We ensured the undesirable `xBad*_catB` variables back in to demonstrate that even if they sneak past a lose `pruneSig`, the crossframe
lets the downstream model deal with them correctly.  To ensure more consistent filtering of the complicated variables one can
increase the `ncross` argument in `vtreat::mkCrossFrameCExperiment`/`vtreat::mkCrossFrameNExperiment`.

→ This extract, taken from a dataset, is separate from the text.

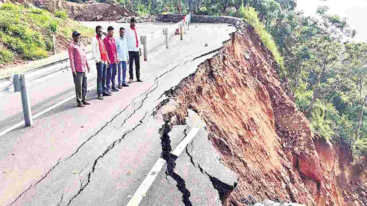 - వర్షాలకు కోతకు గురవుతున్న నూతన జాతీయ రహదారి

Now we fit the model to *the cross-frame* rather than to `prepare(treatments, dTrain)` (the treated training data).

```{r xframemodel}
m1 <- glm(paste('y',paste(newvars,collapse=' + '),sep=' ~ '),
          data=dTrainTreated,family=binomial(link='logit'))
print(summary(m1))  

dTrain$predM1 <- predict(m1,newdata=dTrainTreated,type='response')
plotRes(dTrain,'predM1','y','model1 on train')
dTestTreated <- vtreat::prepare(treatments,dTest,
                                pruneSig=c(),varRestriction=newvars)
knitr::kable(head(dTestTreated))
dTest$predM1 <- predict(m1,newdata=dTestTreated,type='response')
plotRes(dTest,'predM1','y','model1 on test')
```

We again get the better 70% test accuracy.  And this is a more statistically efficient technique as we didn't have to
restrict some data to calibration.

The model fit to the cross-frame behaves similarly to the model produced via the process _f(CalibrationData, TrainData)_.
Notice that the  `xBad*_catB` variables fail to achieve significance in the downstream `glm` model, allowing that
model to give them small coefficients and even (if need be) prune them out.  This is the point of using a cross frame as
we see in the first example the  `xBad*_catB` are hard to remove if they make it to standard (non-cross) frames as they are 
hiding a lot of degrees of freedom from downstream modeling procedures.